The rest of the cast? A symphony of steel and soul, no weak threads in this web. Sanjay Dutt as SP Chaudhary Aslam, the encounter specialist turned Lyari scourge (inspired by the real Chaudhry Aslam Khan), brings that Dutt swagger laced with menace—gravelly one-liners cutting through tension like his pistol whip, a brutal warehouse takedown where he snarls “Lyari ka sher ab shikaar hai” leaving jaws dropped. R. Madhavan as Ajay Sanyal (echoing Ajit Doval’s steely resolve) is the cerebral anchor, his war-room poise—fingers steepled over dossiers, voice calm as he greenlights Hamza’s plunge—infusing South Indian gravitas and moral steel, though his exposition beats occasionally slow the fuse. Arjun Rampal as Major Iqbal (nod to Ilyas Kashmiri’s terror blueprint) simmers with coiled threat, his ISI handler’s icy interrogations—delivered in clipped Pashto inflections—building to a Part 2 promise of cataclysmic clash. Sara Arjun as Yalina Jamali shines as the emotional fulcrum, her wide-eyed innocence clashing with forbidden love for Hamza, those tear-streaked confrontations adding heartbreaking heft without veering into trope. Supporting gems like Manav Gohil’s sharp Deputy Director, Danish Pandor’s volatile Uzair Baloch, and Saumya Tandon’s steely Ulfat (Rehman’s wife) weave the grit tighter, every face fitting like puzzle pieces in Dhar’s mosaic.

Aditya Dhar—genius, guardian, griot—take ten bows for this brilliant alchemy, turning Uri’s precision, Article 370‘s fire, Baramulla‘s bite, and Haq‘s heart into a sprawling diptych of national sinew. The research? Forensic: Lyari’s gang patois rings true, ISI tradecraft (dead drops in qawwali dives, encrypted beedis) pulled from declassified briefs, even the yellowed edges of a 2008 terror dossier smelling of monsoon archives. No mollycoddling here—terrorists aren’t tragic anti-heroes with sob-story flashbacks; they’re architects of atrocity, grinning through beheadings and blasts, their “ideology” exposed as a veneer for slaughter, from madrasa recruitment mills to 26/11’s puppet-masters. The action? Visceral poetry—hand-to-hand in flooded tunnels, a bazaar ambush syncing to Shashwat Sachdev’s pounding score—while desaturated palettes (Karachi’s grit in sickly greens) and long takes trap you in the dread. Pacing dips in the setup’s slow burn, but it builds to catharsis that justifies every frame.
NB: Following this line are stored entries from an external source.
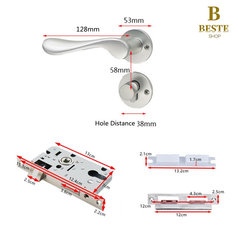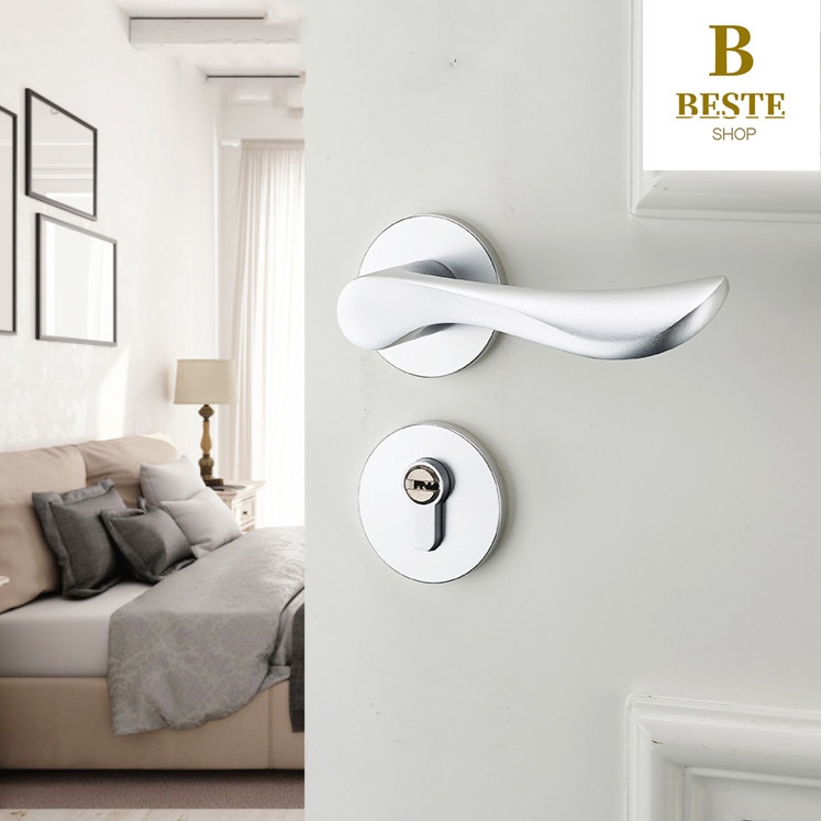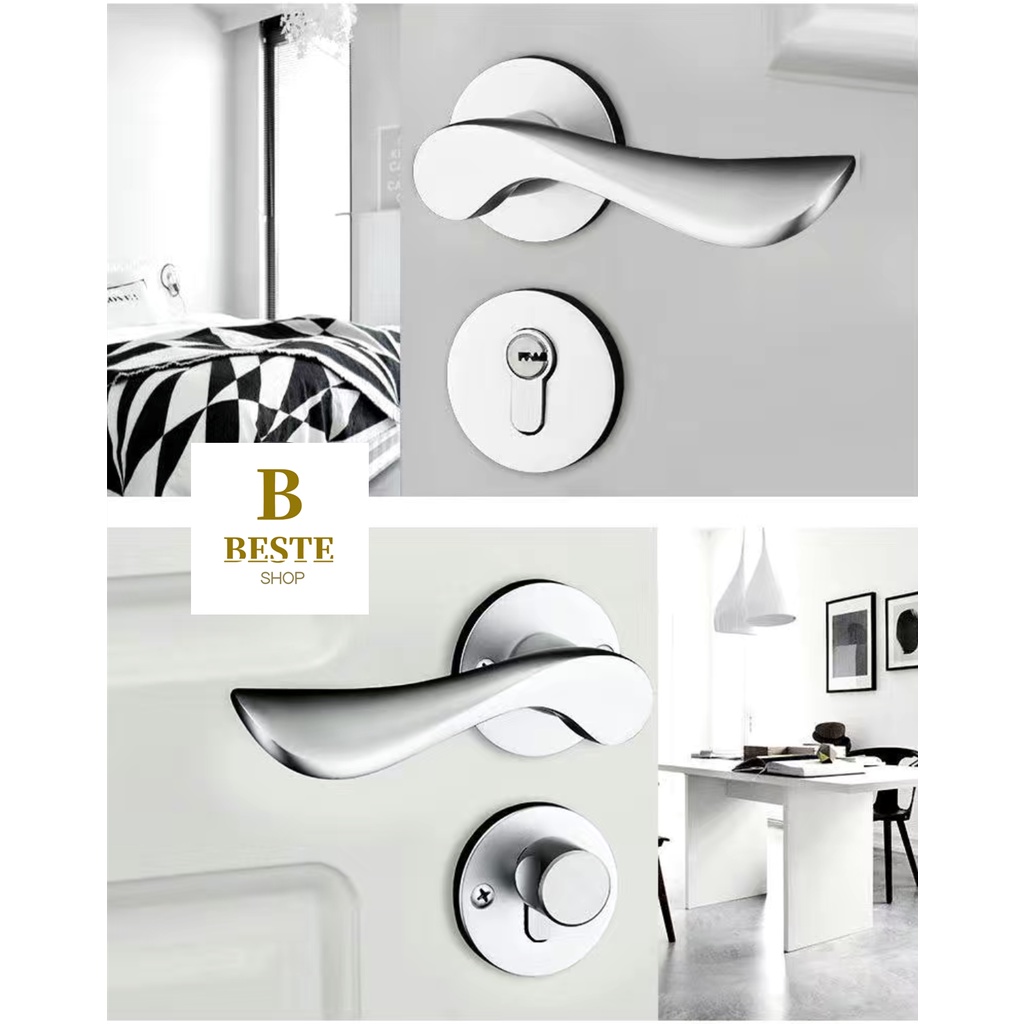 Bedroom Practical Split Smooth Door Lock Space Aluminum Door Lock Set Silver Security Lock Handle
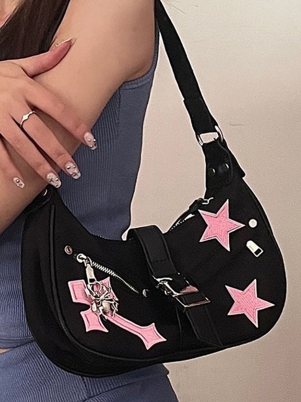 Cross Star Buckled Pu Leather Shoulder Bag
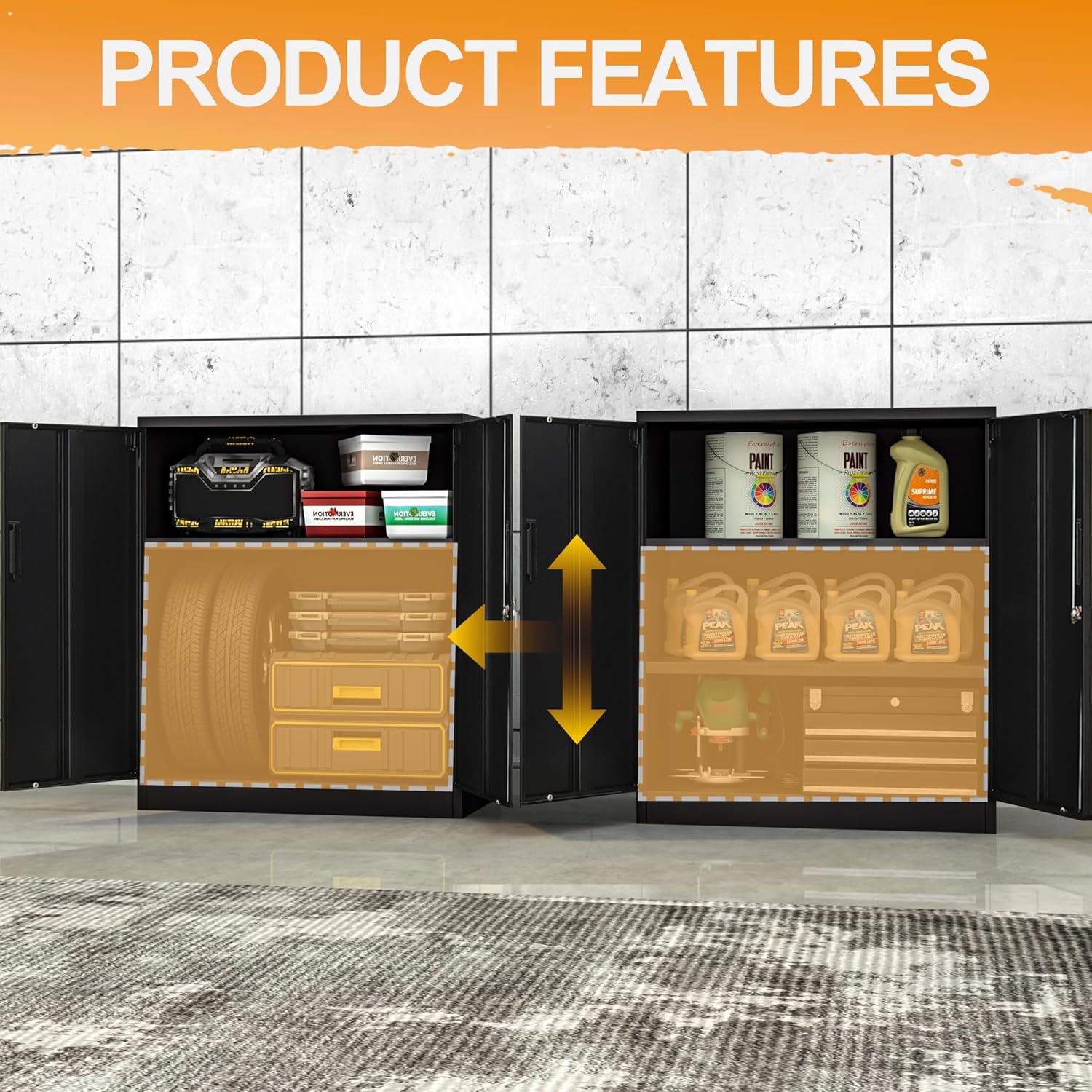 - Includes lock and two keys: The metal cabinet has a lock and two keys that come pre-installed in each of our garage cabinet, with doors and shelves. You can enjoy a second key that can be used by a co-owner or as a spare key in case of loss.
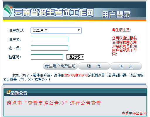 云南高考報名入口http://work.ynzs.cn/ZSGL/Login.jsp
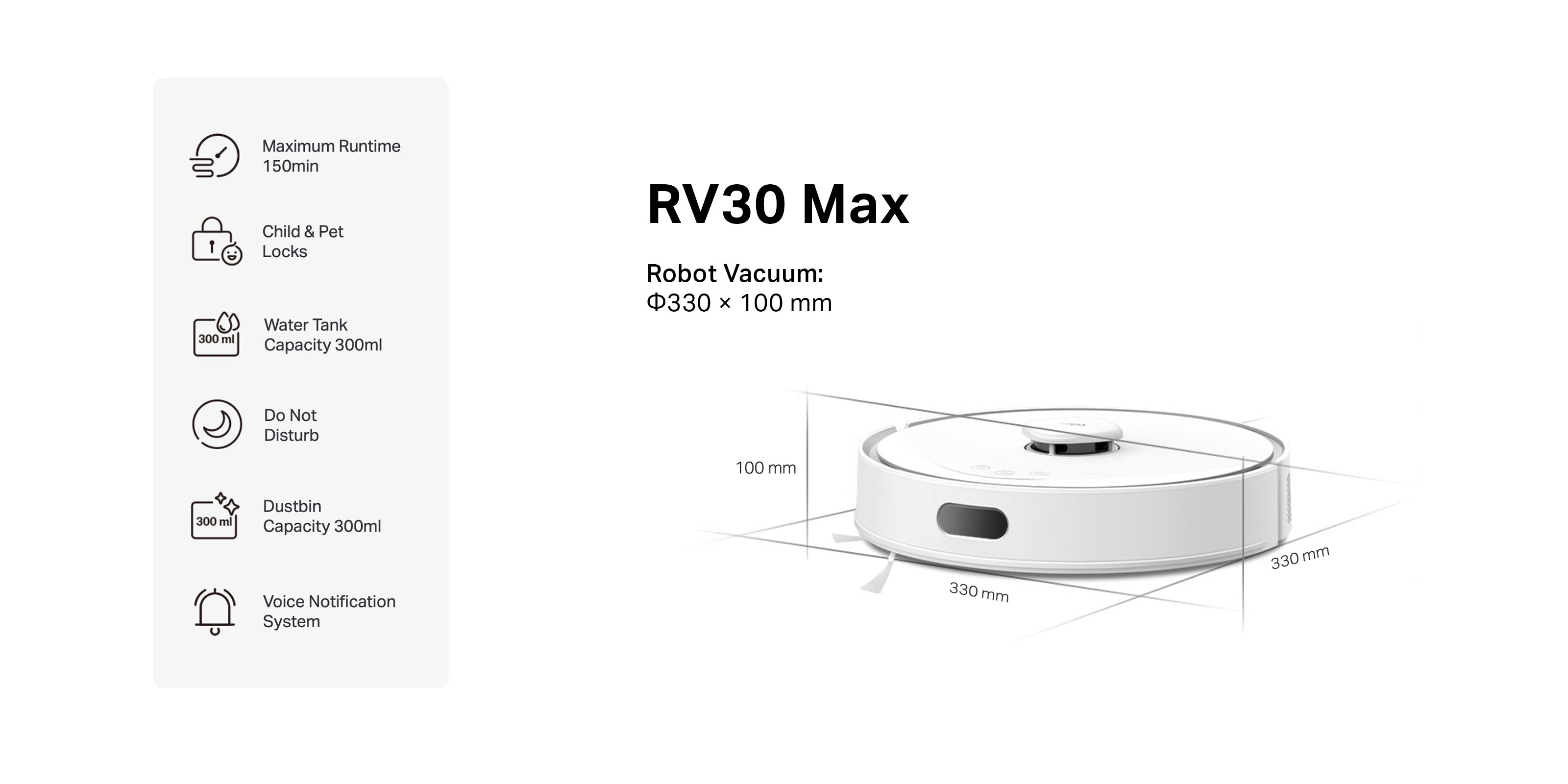 Tapo RV30 Max White | 5300Pa Hyper Suction Robot Vacuum & Mop
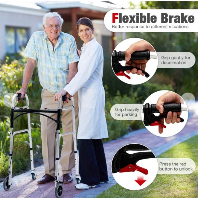 ● Easy to Walk on Various Terrains: This folding walker always puts safety first. Therefore, the folding walker is designed with 2 directional wheels and 2 universal wheels, which promotes flexible movement and is convenient for controlling the direction to ensure smooth walking on kinds of grounds.
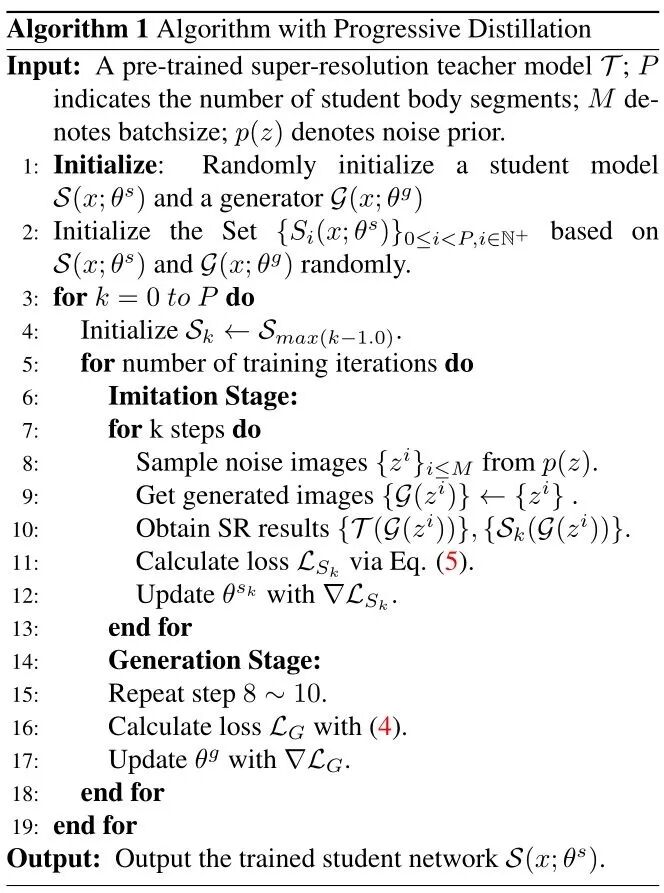 使用生成数据结合蒸馏算法得到压缩后的超分网络 。
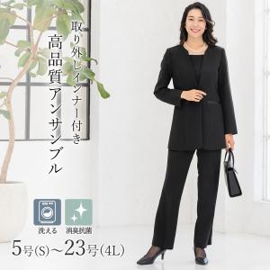 喪服 礼服 洗える!ミセスにうれしいスーツセット 3点セット M L LL 3L フォーマルスーツ レディース 婦人服 シニア ブラックフォーマル 春夏秋冬 fri p20854

Dhurandhar isn’t escapism; it’s excavation, unearthing our pain to forge pride. You don’t need flag-waving zeal—just an Indian pulse that remembers the cost of complacency. It embeds, endures, empowers.

Jai Hind. Jai Bharat. To Dhar, Ranveer, Akshaye, Rakesh Ji, and this unbreakable cast—eternal gratitude for a film that fights for us all.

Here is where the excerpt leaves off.